What about the Duke? Where would Planty Pall be, some ten years after Glencora's death?

And, most of all, should I leave him there?

True confession time: I thought of it--just leave him where Trollope did, alone again, building bridges to the next generation without Glencora. Keep him a minor character, a walk on, really. After all, he's not that integral to the two Phineas novels.

But then I remembered a pair of scenes in Trollope's Last Chronicle of Barset. When Mrs. Proudie, the domineering virago who has split the diocese and ruled over her husband through five novels, suddenly dies, he is transfixed by profoundly mixsed emotions:
He was free now. Even in his misery,—for he was very miserable,—he could not refrain from telling himself that. No one could now press uncalled-for into his study, contradict him in the presence of those before whom he was bound to be authoritative, and rob him of all his dignity. There was no one else of whom he was afraid. She had at least kept him out of the hands of other tyrants. He was now his own master, and there was a feeling,—I may not call it of relief, for as yet there was more of pain in it than of satisfaction,—a feeling as though he had escaped from an old trouble at a terrible cost of which he could not as yet calculate the amount. He knew that he might now give up all idea of writing to the archbishop.

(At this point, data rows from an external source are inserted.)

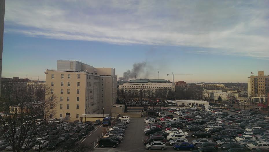 We’ll update this post as more details become available. A DCist reader sent in this picture of the fire from her office in the Hart Senate building.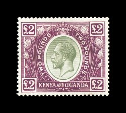 302 og imageS.G. #96, 1925 £2 Green and purple, particularly well centered mint single, intense colors on fresh white paper, o.g., extremely fine; 1975 Grobe certificate (Scott #38; $750.00). (Image) £600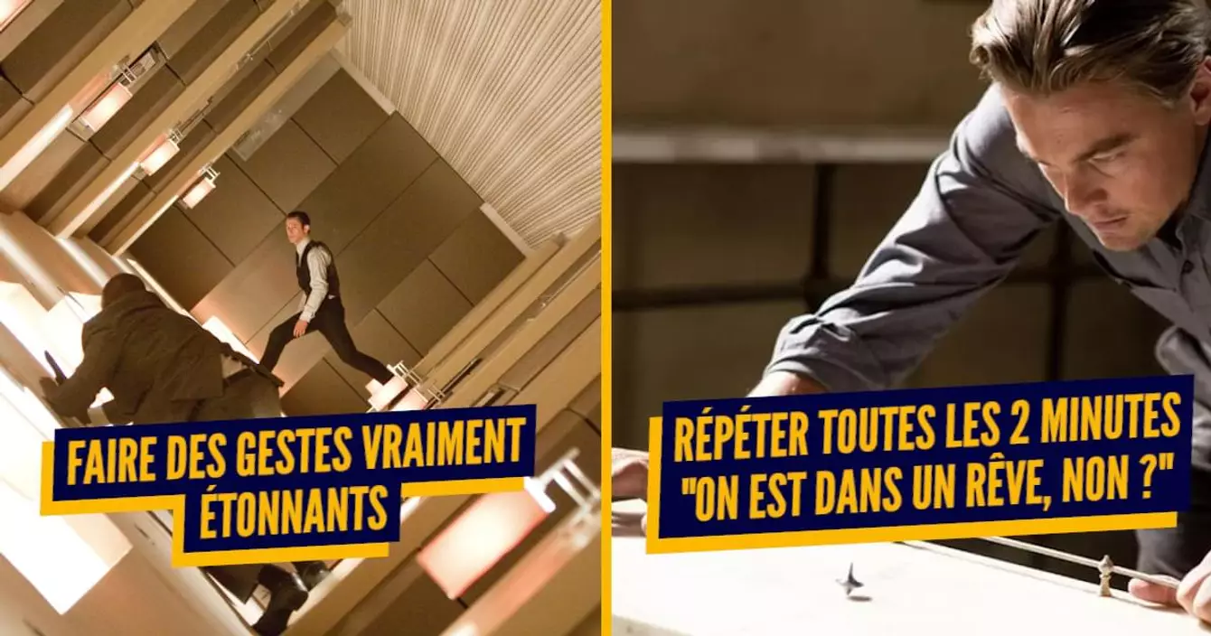 N'essayez pas de comprendre comment on a eu l'idée de faire ce top, mais plutôt pourquoi on en a eu l'idée : vous avez fait une petite connerie et vous essayez de vous en sortir par tous les moyens mais vous n'y arrivez pas ? Avez-vous seulement pensé à la méthode Inception ? Non, évidemment vous n'y avez pas pensé, parce que faire croire à quelqu'un qu'il est dans un rêve ne vous a pas traversé l'esprit vu que vous êtes rationnel, terre à terre et que vos ongles sont sales. Ne cherchez plus, ces conseils vont vous aider à sauver les meubles du bourbier dans lequel vous venez de vous mettre.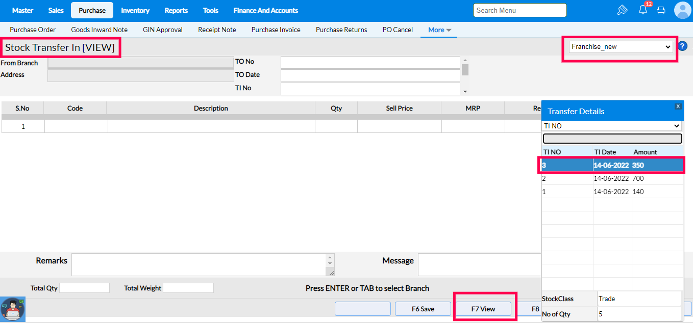 Click on F7 View to view the Transfer In list.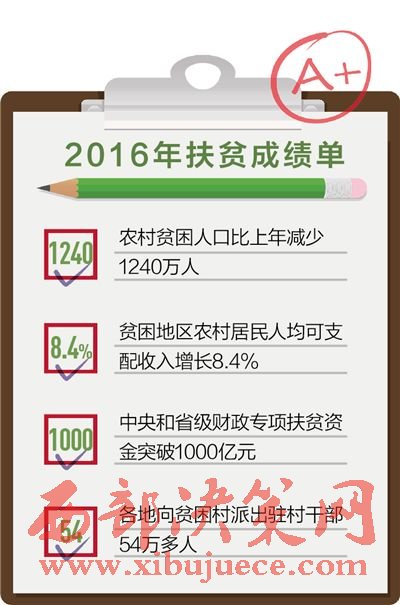 2016年,我國扶貧投入力度空前。財力投入上,中央和省級財政專項扶貧資金首次突破1000億元,其中中央財政667億元,同比增長43.4%。792個貧困縣啟動實施涉農資金整合試點,實際整合到位資金約2300億元,惠及建檔立卡貧困人口3000多萬人。各類金融機構加大扶貧支持力度,到2016年底,累計發(fā)放扶貧小額貸款2833億元,全國共有801萬貧困戶受益。人力投入上,各地共向貧困村選派駐村工作隊12.8萬個,派出駐村干部54萬多人。全國選派18.8萬名優(yōu)秀干部到貧困村和基層黨組織薄弱村擔任第一書記,提升帶動群眾脫貧能力。
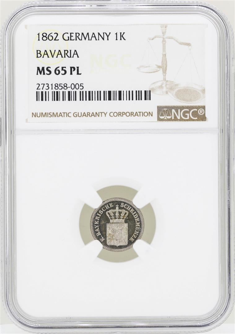 One 1862 Germany Kreuzer Bavaria Proof Coin NGC MS65PL. NGC Certified.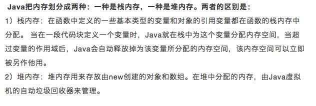 4、Java的虚拟机JVM的两个内存:栈内存和对内存的区别是什么?

She had in some ways, and at certain periods of his life, been very good to him. She had kept his money for him and made things go straight, when they had been poor. His interests had always been her interests. Without her he would never have been a bishop. So, at least, he told himself now, and so told himself probably with truth. She had been very careful of his children. She had never been idle. She had never been fond of pleasure. She had neglected no acknowledged duty. He did not doubt that she was now on her way to heaven. He took his hands down from his head, and clasping them together, said a little prayer. It may be doubted whether he quite knew for what he was praying. The idea of praying for her soul, now that she was dead, would have scandalized him. He certainly was not praying for his own soul. I think he was praying that God might save him from being glad that his wife was dead.
That last brilliant sentence (echoing a description of Archdeacon Grantly in Barchester Towers, at a time when he will, if his father, then the bishop, dies before the Government falls, be appointed to the See) is where a lesser novelist would have left the Bishop forever. But Trollope knows that life goes on. We adapt, we begin to rebuild. So Bishop Proudie, still I'm mourning, appears again, and reaches out to his former foe, the Archdeacon, at the funeral of Mr Harding, the Warden of the first novel:
And in the transept they were joined by another clergyman whom no one had expected to see that day. The bishop was there, looking old and worn,—almost as though he were unconscious of what he was doing. Since his wife's death no one had seen him out of the palace or of the palace grounds till that day. But there he was,—and they made way for him into the procession behind the two ladies,—and the archdeacon, when he saw it, resolved that there should be peace in his heart, if peace might be possible.
What I took from this was that I would be breaking faith with Trollope if I left Planty Pall where I found him. The story must move forward, or not be attempted at all.

What McGrath calls--quite rightly, in my opinion--the best depiction of marriage in literature deserves no less.